José Horta Manzano
A mídia dá hoje destaque à sessão do tribunal regional federal que trata do recurso interposto pelo Lula contra a sentença que o condenou num processo criminal ‒ o primeiro de uma série, ao que parece.
Antes de prosseguir, gostaria de reafirmar o que já disse em outra ocasião: não me parece adequado dizer que a apelação do réu será «julgada» hoje. O fato de cada desembargador ler o voto já escrito de antemão é sinal flagrante de que o réu já está julgado. A sessão do tribunal serve apenas para publicar o resultado.
Dito isso, prossigo. Por mais que reflita, não enxergo razão para tanta animação. Parece-me claro que nem os que simpatizam com o Lula nem os que sentem asco por ele ganharão ou perderão. Seja qual for o resultado, o jogo vai terminar empatado. Por diversas razões.
Nem que o tribunal absolva hoje o Lula, ele deixará de ser réu. Corre na justiça uma fieira de meia dúzia de processos criminais contra ele. Portanto, nada muda. Caso seja absolvido, sabemos todos que, antes de vê-lo de uniforme laranja e corrente nos pés ainda falta muito. Há pela frente embargos, contestações, apelações, subterfúgios vários. O arsenal jurídico brasileiro é riquíssimo em chicanas. Vamos agora adiantar o relógio e pular para outubro, mês das eleições.
Suponhamos que o Lula consiga registrar candidatura, que participe e que vença o pleito. Que acontecerá? Oitenta por cento dos congressistas se bandearão para o lado do novo presidente, que passará a contar com a maior bancada jamais vista ‘nessepaiz’. Banqueiros e grandes empresários farão fila para o beija-mão ao novo inquilino do Planalto. O PMDB continuará sendo o partido com o maior número de parlamentares ‒ todos eles, naturalmente, entusiastas do novo governo. A roubalheira no alto escalão se fará mais discreta. Atenção: eu disse mais discreta, não mais comedida. E a vida vai continuar impávida.

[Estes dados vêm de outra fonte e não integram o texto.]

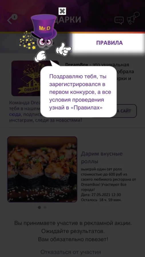 А так же мы проводим конкурсы от известных БРЕНДОВ, которые помимо подарка предоставляют скидки на свою продукцию для пользователей приложения.
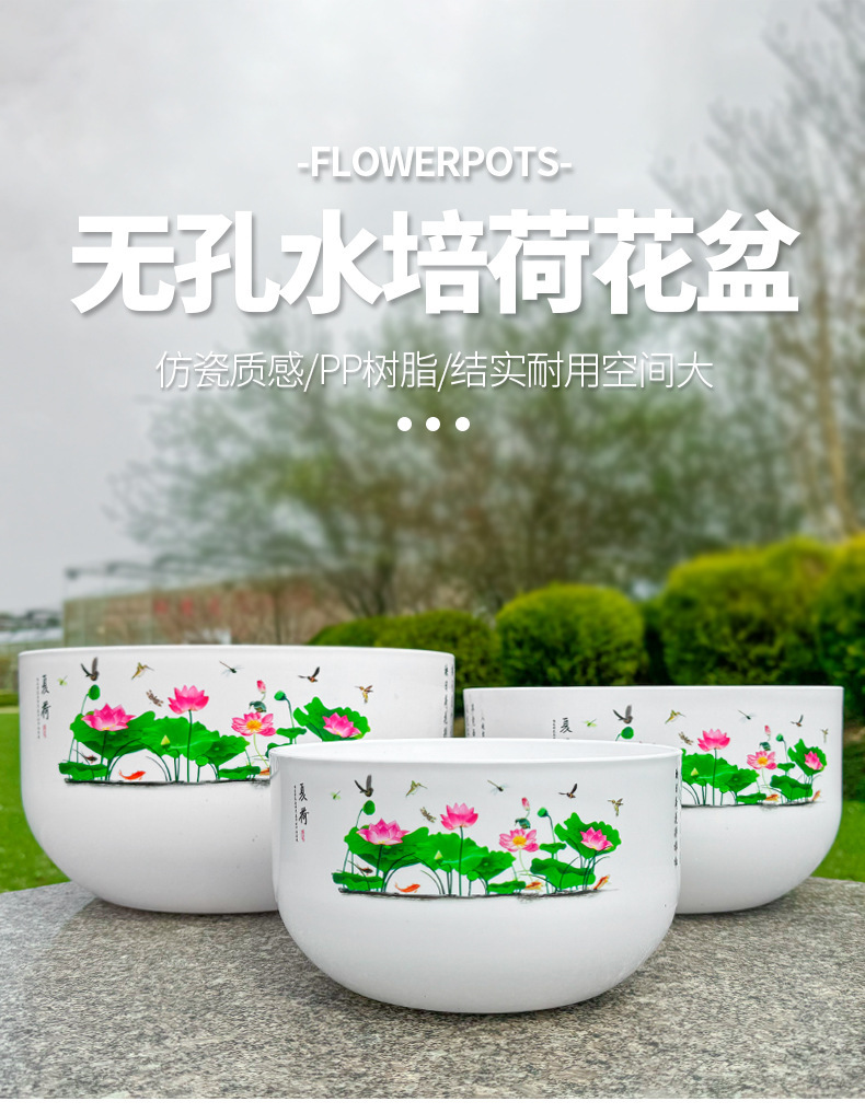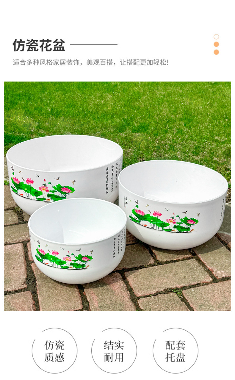 비 다공성 두꺼운 초대형 발코니 도자기 모양의 사발 백합 수경 녹색 심기 플라스틱 꽃 냄비 수지 꽃 냄비

Suponhamos agora que o Lula não consiga registrar candidatura. Ou que, tendo-a registrado, não vença a eleição. Que acontecerá? Oitenta por cento dos congressistas se bandearão para o lado do novo presidente, seja ele quem for. A bancada de parlamentares apoiadores do novo mandatário será a mais importante jamais vista no país. Banqueiros e grandes empresários farão fila para o beija-mão ao novo inquilino do Planalto. O PMDB continuará sendo o partido com o maior número de parlamentares ‒ todos eles, naturalmente, entusiastas do novo governo. A roubalheira no alto escalão se fará mais discreta. Atenção: eu disse mais discreta, não mais comedida. E a vida vai continuar impávida.
Portanto, que diferença faz? Mais que dia histórico, eu diria que hoje é um dia histérico.

O dia pode não ter sido nem histórico nem histérico, como se temia. Mas aconteceu um evento certamente histórico: pela primeira vez na história da justiça brasileira, os desembargadores falaram português e ainda se preocuparam em traduzir muitos termos do juridiquês para os que acompanhavam o julgamento.